An element (atomic weight $=250 \mathrm{u}$ ) crystallises in a simple cubic lattice. If the density of the unit cell is $7.2 \mathrm{~g} \mathrm{~cm}^{-3}$. What is the radius (in $\mathop {\rm{A}}\limits^{\rm{o}}$ ) of the atom of the element?

$$ \left(N_A=6.02 \times 10^{23} \mathrm{~mol}^{-1}\right) $$

A compound is formed by two elements $A$ and $B$. Atoms of the element $B$ (as anion) make ccp lattice and those of element $A$ (as cation) occupy all tetrahedral voids. The formula of the compound is

An element crystallises in bcc lattice. The atomic radius of the element is $2.598 \mathop {\rm{A}}\limits^{\rm{o}}$. What is the volume (in $\mathrm{cm}^3$ ) of one unit cell?

Gold crystallises in fcc lattice.

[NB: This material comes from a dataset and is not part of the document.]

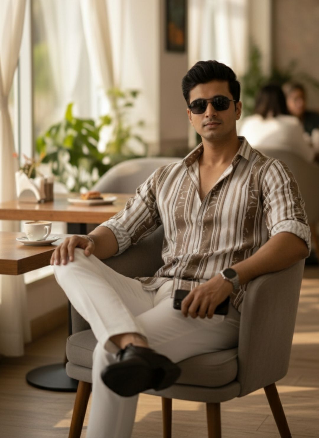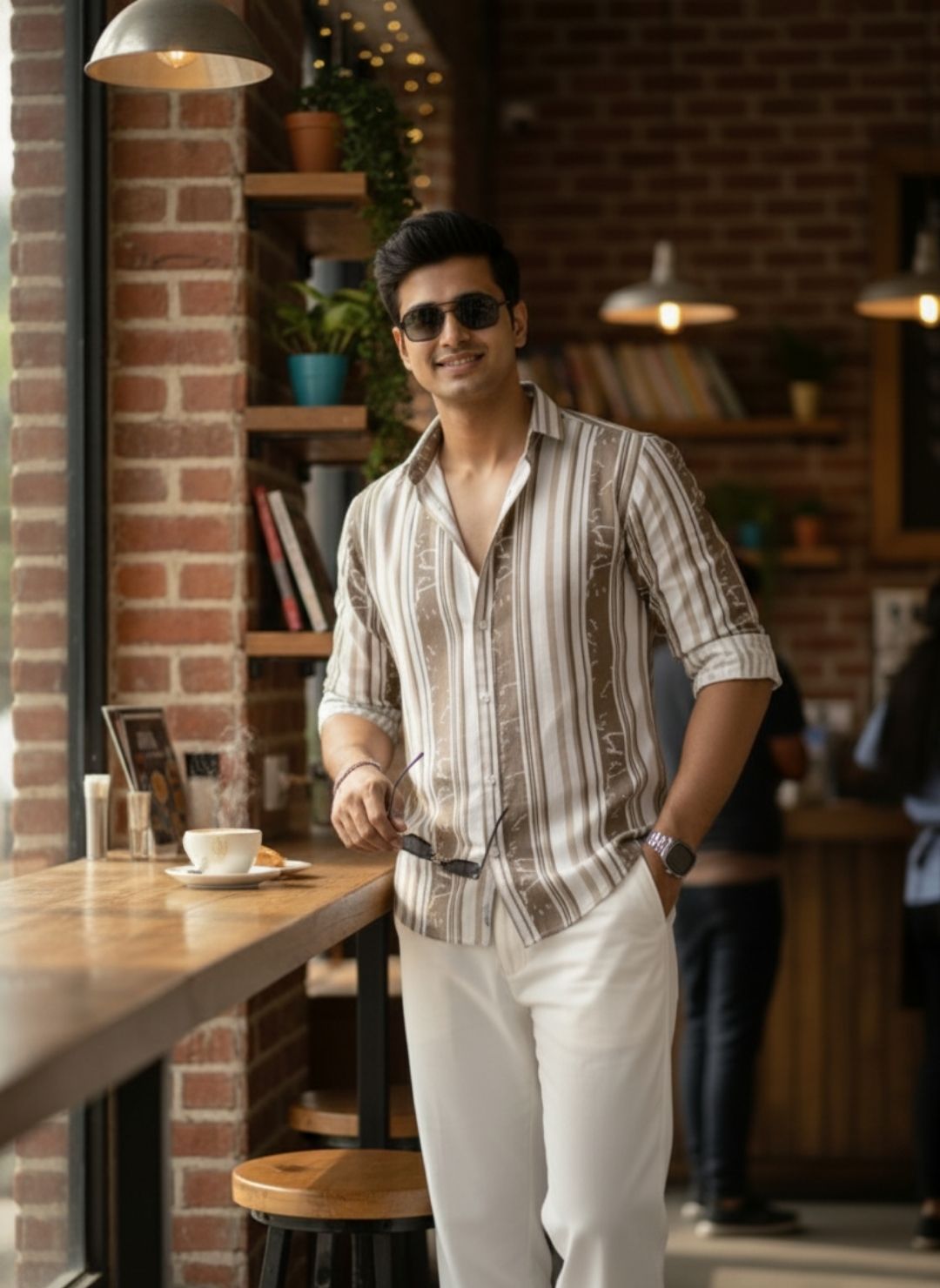 Men's Sand Beige Textured Multi-Color Striped

The edge length of the unit cell is $4 \mathop {\rm{A}}\limits^{\rm{o}}$. The closest distance between gold atoms is ' $x$ ' $\mathop {\rm{A}}\limits^{\rm{o}}$ and density of gold is ' $y$ ' $\mathrm{g} \mathrm{cm}^{-3}$. What are $x$ and $y$ respectively?

(Molar mass of gold $=197 \mathrm{~g} \mathrm{~mol}^{-1} ; N=6 \times 10^{23} \mathrm{~mol}^{-1}$ )